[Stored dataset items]
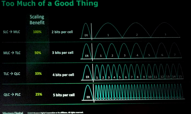 这一信息是在美银美林2021年全球技术大会上披露的,西部数据的技术和战略主管SivaSivaram说,"我预计[从QLC到PLC]的过渡会比较慢。因此,也许在这个十年的后半期,我们将看到一些细分市场开始获得每单元5比特"。
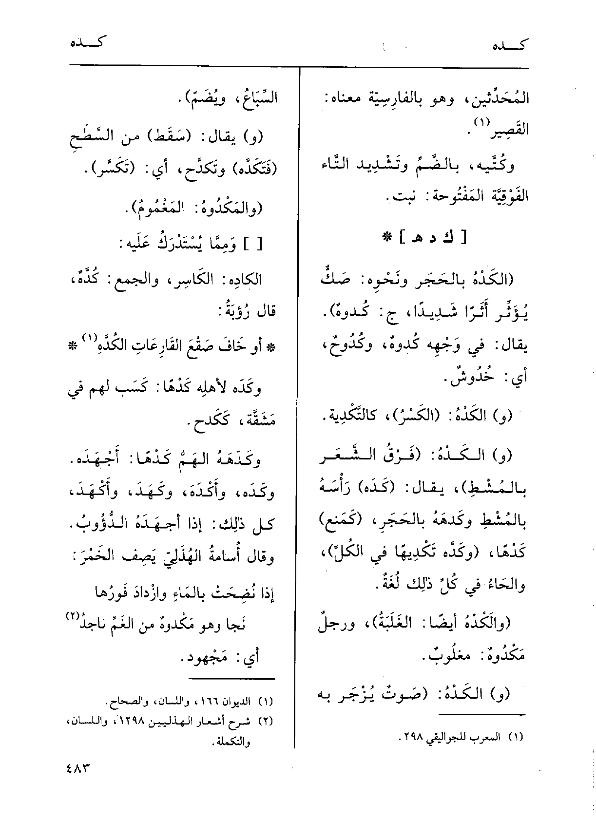 الكادِهُ: الكاسِرُ؛ والجَمْعُ كُدَّهٌ؛ قالَ رُؤْبَة:
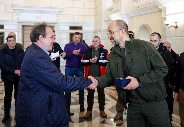 Заместитель руководителя Офиса Президента Кирилл Тимошенко называет железнодорожников "железными людьми". Он и премьер Денис Шмыгаль вручили им награды.
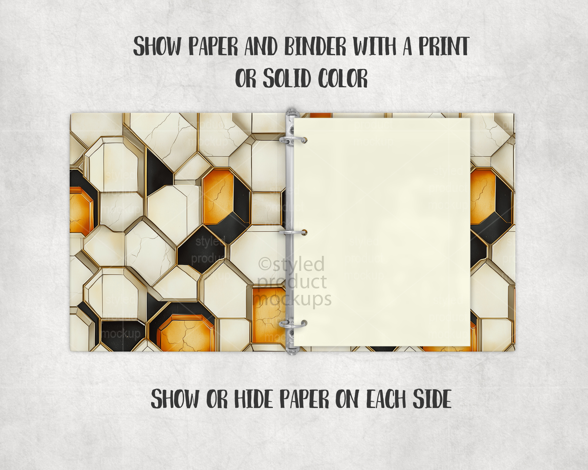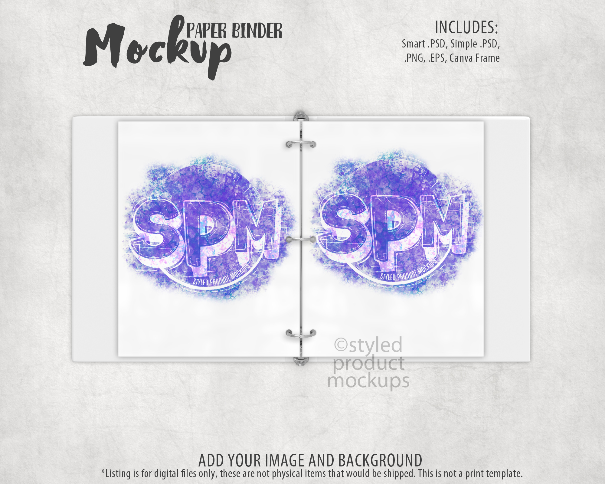 This listing is a mock-up that features a 3 ring binder with 8.5×11” paper inside. Give a professional touch to your binder paper designs without the hassle of photographing each one. This styled product mockups template is ready to use, simply add in your own art files and background.
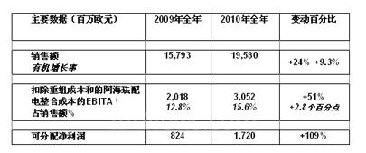 2010年銷售數(shù)據(jù)中包含約7500萬歐元的將要停止開展的非核心、無利潤業(yè)務(wù)。
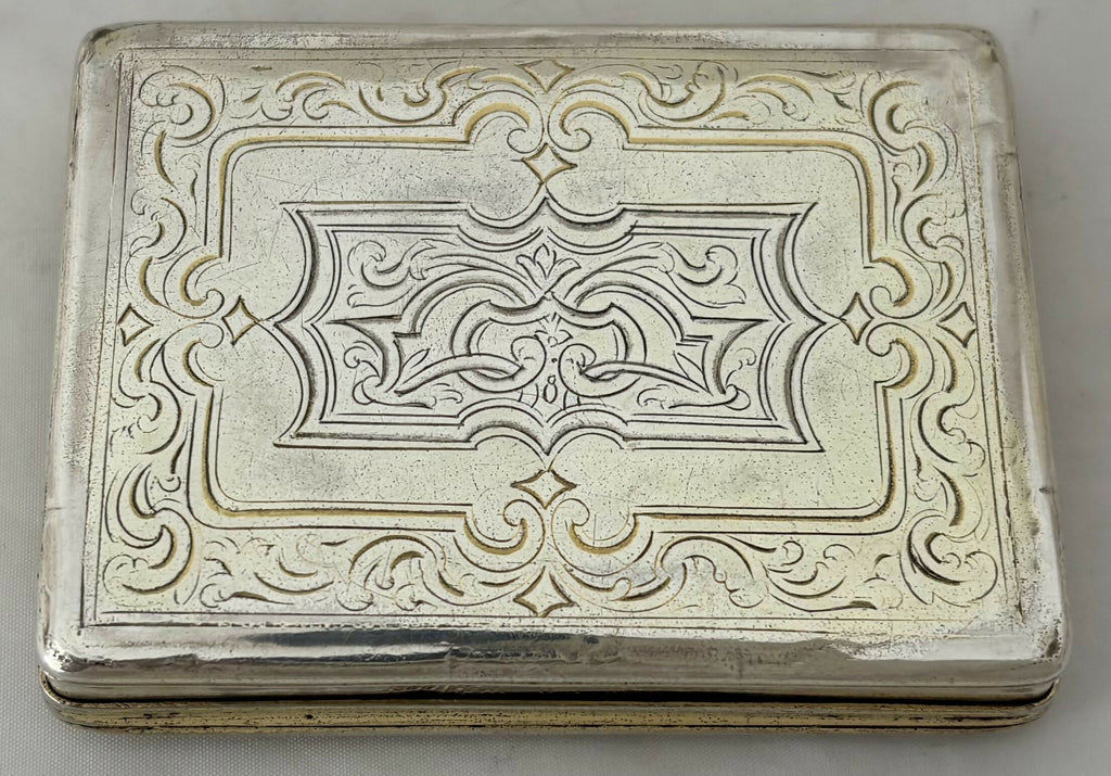 The box sits well on a level surface and the lid closes securely. The decoration is softened, especially on the lid border. The base with wrinkles from construction and the underside with softened decoration and worn gilding. Corners with pin dents. Fine marks and scratches commensurate with age and use. Gilt interior in good order, but wear to the gilt exterior.
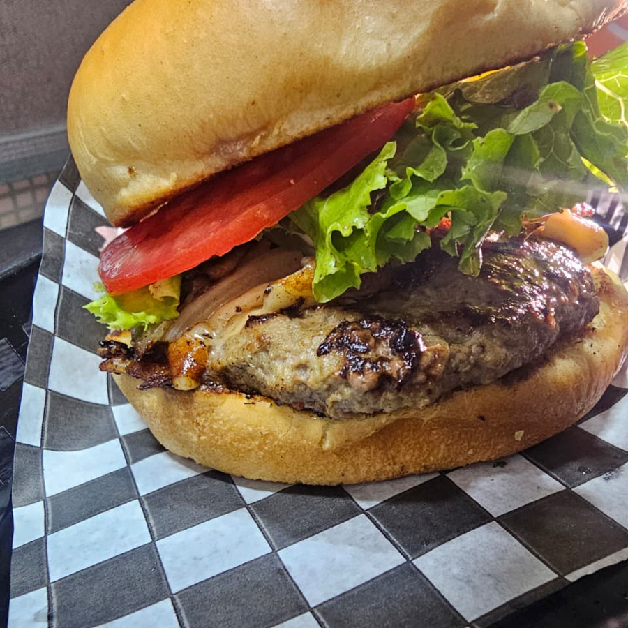 150grs de carne de res casera, costra de mozarella, tocino dorado y verduras.
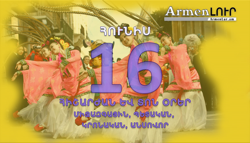 Հունիսի 16-ը Ընտանեկան դրամային փոխանցումների, Տնային սպասուհիների, Ծովային կրիայի, Երեք թղթե նավակներին հեռավոր նավարկության ուղարկելու, Թուփաքի ծննդյան, Թարմ բանջարեղենի, Օշարակի օրն է։
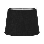 Ovaalin muotoinen lampunvarjostin puuvillakangasta. Kankaassa on elävä, pellavakankaan rakennetta muistuttava pinta. Valkoinen sisäpinta ja reunusnauha.

Problem to solve:
Only the text of the records above, copied exactly, should be returned; the pictures stay out.

Output below:
 这一信息是在美银美林2021年全球技术大会上披露的,西部数据的技术和战略主管SivaSivaram说,"我预计[从QLC到PLC]的过渡会比较慢。因此,也许在这个十年的后半期,我们将看到一些细分市场开始获得每单元5比特"。
 الكادِهُ: الكاسِرُ؛ والجَمْعُ كُدَّهٌ؛ قالَ رُؤْبَة:
 Заместитель руководителя Офиса Президента Кирилл Тимошенко называет железнодорожников "железными людьми". Он и премьер Денис Шмыгаль вручили им награды.
 This listing is a mock-up that features a 3 ring binder with 8.5×11” paper inside. Give a professional touch to your binder paper designs without the hassle of photographing each one. This styled product mockups template is ready to use, simply add in your own art files and background.
 2010年銷售數(shù)據(jù)中包含約7500萬歐元的將要停止開展的非核心、無利潤業(yè)務(wù)。
 The box sits well on a level surface and the lid closes securely. The decoration is softened, especially on the lid border. The base with wrinkles from construction and the underside with softened decoration and worn gilding. Corners with pin dents. Fine marks and scratches commensurate with age and use. Gilt interior in good order, but wear to the gilt exterior.
 150grs de carne de res casera, costra de mozarella, tocino dorado y verduras.
 Հունիսի 16-ը Ընտանեկան դրամային փոխանցումների, Տնային սպասուհիների, Ծովային կրիայի, Երեք թղթե նավակներին հեռավոր նավարկության ուղարկելու, Թուփաքի ծննդյան, Թարմ բանջարեղենի, Օշարակի օրն է։
 Ovaalin muotoinen lampunvarjostin puuvillakangasta. Kankaassa on elävä, pellavakankaan rakennetta muistuttava pinta. Valkoinen sisäpinta ja reunusnauha.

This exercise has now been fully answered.